/samochody

License Plate Detection and Recognition in Unconstrained Scenarios

Primary LanguagePythonOtherNOASSERTION

Introduction

This repository contains a modified implementation of ECCV 2018 paper "License Plate Detection and Recognition in Unconstrained Scenarios".

Paper webpage: http://sergiomsilva.com/pubs/alpr-unconstrained/

If you use results produced by our code in any publication, please cite this paper:

@INPROCEEDINGS{silva2018a,
  author={S. M. Silva and C. R. Jung}, 
  booktitle={2018 European Conference on Computer Vision (ECCV)}, 
  title={License Plate Detection and Recognition in Unconstrained Scenarios}, 
  year={2018}, 
  pages={580-596}, 
  doi={10.1007/978-3-030-01258-8_36}, 
  month={Sep},}

Modifications made in this fork

TODO

Setup

Requirements

Verified working environment:

  • Ubuntu 18.04
  • nvidia-driver-430
  • CUDA 10.0 (installed from .deb)
  • libcudnn7_7.4.2.24-1 (installed from .deb)
  • python 2.7
  • tensorflow-gpu 1.14.0
  • keras 2.3.1
  • opencv-python 4.2.0.32
  • numpy 1.16.6

Build Darknet

$ cd darknet && make

Download trained models

$ ./get-networks.sh

Training the LP detector

To train the LP detector network from scratch, or fine-tuning it for new samples, you can use the train-detector.py script. In folder samples/train-detector there are 3 annotated samples which are used just for demonstration purposes. To correctly reproduce our experiments, this folder must be filled with all the annotations provided in the training set, and their respective images transferred from the original datasets.

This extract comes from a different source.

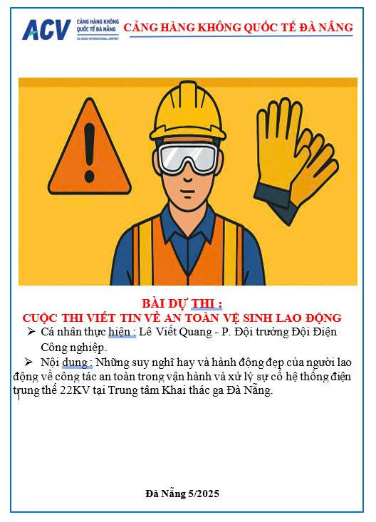 Dưới đây là bài viết đạt giải nhất của ông Lê Viết Quang - Phó đội trưởng đội Điện công nghiệp thuộc Trung tâm Khai thác ga Đà Nẵng với tác phẩm: “Những suy nghĩ hay và hành động đẹp của người lao động về công tác an toàn trong vận hành và xử lý sự cố hệ thống điện trung thế 22KV tại Trung tâm Khai thác ga Đà Nẵng”
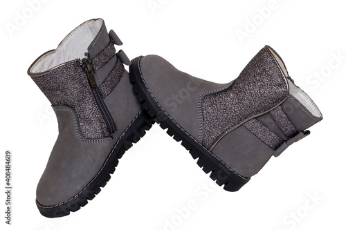 Winter boots. Close-up of a pair elegant gray silver leather winter boots lined with white leather. Girls winter shoe fashion new trends isolated on a white background. Macro photograph.

The following command can be used to train the network from scratch considering the data inside the train-detector folder:

$ mkdir models
$ python create-model.py eccv models/eccv-model-scracth
$ python train-detector.py --model models/eccv-model-scracth --name my-trained-model --train-dir samples/train-detector --output-dir models/my-trained-model/ -op Adam -lr .001 -its 300000 -bs 64

For fine-tunning, use your model with --model option.